Selecting a COTS product seems to be the easy answer. It avoids the lengthy development cycle associated with building an application in-house, and the inherent security risks of using an ASP.
To do this successfully;
- Pick the “right” product from the list of possible solutions. As part of that process, identify the technical capabilities that are “must haves” versus those that are “nice to have.”
- Conduct a gap analysis of differences between user procedures and product adaptability. It is reasonable to consider re-engineering processes and eliminating less urgent requirements in order to use a COTS product.
- Focus on getting the product installed and integrated with the rest of your information systems. Most sophisticated applications require at least some data exchange with other application systems. No two integration efforts are exactly alike. The one thing you can count on is that integration costs both time and money. In many cases internal development may be unavoidable, as custom software is required to “glue” the various COTS components together.
- One thing to avoid is Customisation of the COTS product, instead of spending time and money changing a commercial product, consider changing your internal processes and / or configuring the product
For CBA’s $1.4B Core Banking Modernisation program, Seven Consulting were involved in capturing metrics on customisation of a COTS product – SAP Banking.
The CEO, Ralph Norris, set a target that customisation of the COTS product should not exceed 10% of the requirements. The program team were required to manage to this target, measure adherence to it, and report back to the CEO on a monthly basis as part of a balanced scorecard report.
The target of less than 10% was defined as the percentage of non-standard requirements, i.e. requirements not met through “out of the box” functionality. This is calculated by totalling non-standard SAP Reports and non-standard SAP Extensions (i.e. modules) and measuring these as a percentage of Total SAP Business Requirements.
Some of the key activities required to keep the customisation level to appropriate levels included;
- A review and understanding of “standard processes” offered by package
- Adaption of current business processes to align with these out of the box offerings
- Set-up and monitoring of a process to accept deviations from the “Standard”

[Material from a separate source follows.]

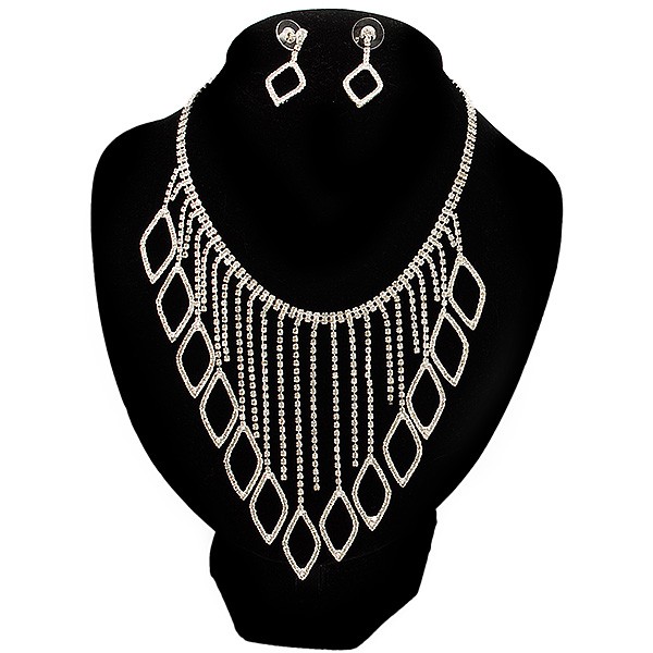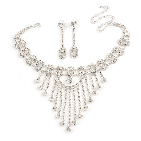 Divine Extravagance Crystal Bib Necklace And Dangle Earring Set (Silver Tone)
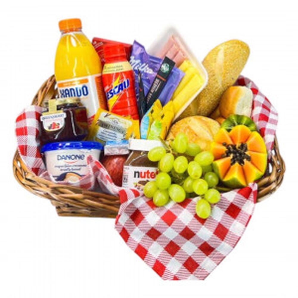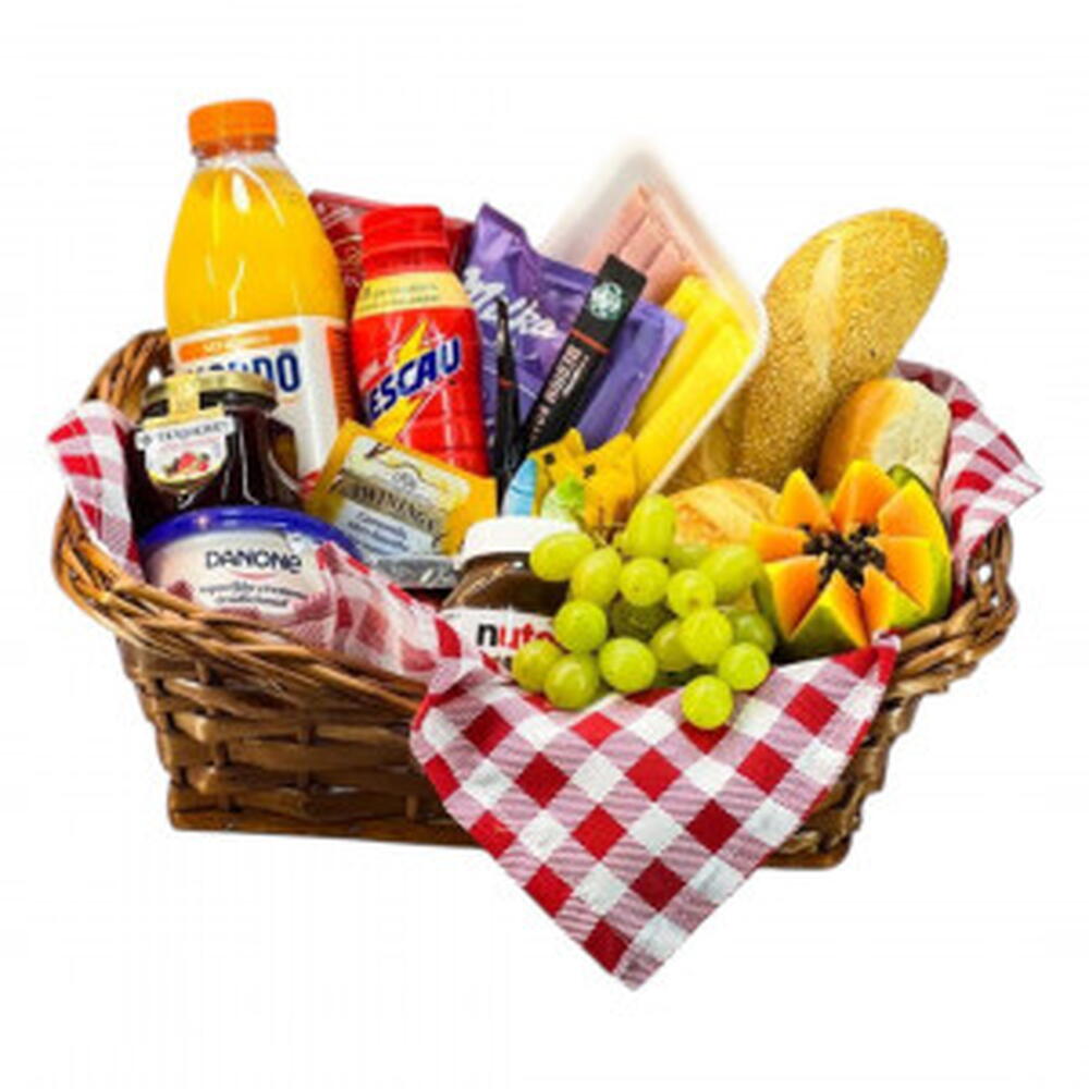 Aproveite a Cesta Café Pic Nic com seleção de frutas frescas, pães, frios, sucos e chocolates. Ideal para piqueniques, café da manhã ou presente diferenciado. Informações sobre Entrega --------------------------------------- * Entregamos para São Paulo, grande São Paulo e ABCD. * De segunda à sexta, entregamos em até 3 horas ou no mesmo dia, para pedidos feitos até às 15h00. * Sábados, entregamos no mesmo dia se o pedido for até às 10h00. nutella: 1 un. geleia: 1 un. requeijão: 1 un. torradas bauducco: 2 un. frios (mussarela e presunto): 1 un. tipos de pães : 3 un. bolinho bauducco : 2 un. suco 900 ml : 1 un. nescau garrafinha : 1 un. chá twinings : 1 un. barra chocolate milka : 1 un. polenguinho : 1 un. tipos de frutas (uva e mamão) : 2 un. barra de lindt : 1 un.

- Product release and upgrade planning to ensure accepted deviations do not impact future standard upgrade options
The adaption to the Standard impacted all phases of the System Development Life Cycle. Examples of these include;
Planning phase:
- Inclusion in the business case of tolerance levels for product customisation
- Strategic engagement with the Vendor to include into the Standard geographic customisations required for Australian conditions – for example Australian tax laws
Analyse phase:
- Design workshops to focus on what exists in Standard, and highlight opportunities to challenge past history to reduce need for change of standard
- Focus on key architectural directions to ensure alignment, and not drive need for exceptions
Design phase:
- Changes to measurement metric to ensure design stays within desired parameters. Ensure exception decisions are escalated and clearly visible in design documentation
Build & Test phase:
- Ensure build and testing ensure future upgradability is maintained
Deployment & Run phase:
- Ensure package upgrades (service packs and main releases) are keep current and aligned with set policies
There was also a key opportunity that existed in initial contract negotiations for the COTS product to ensure that either geographic region customisations or on program advancement of the product was included back into Standard by the Vendor, thereby reducing future costs of customisations.
Based on this executive level relationship, and a strong working relationship with the Vendor resulted in only 7.5% of customisations.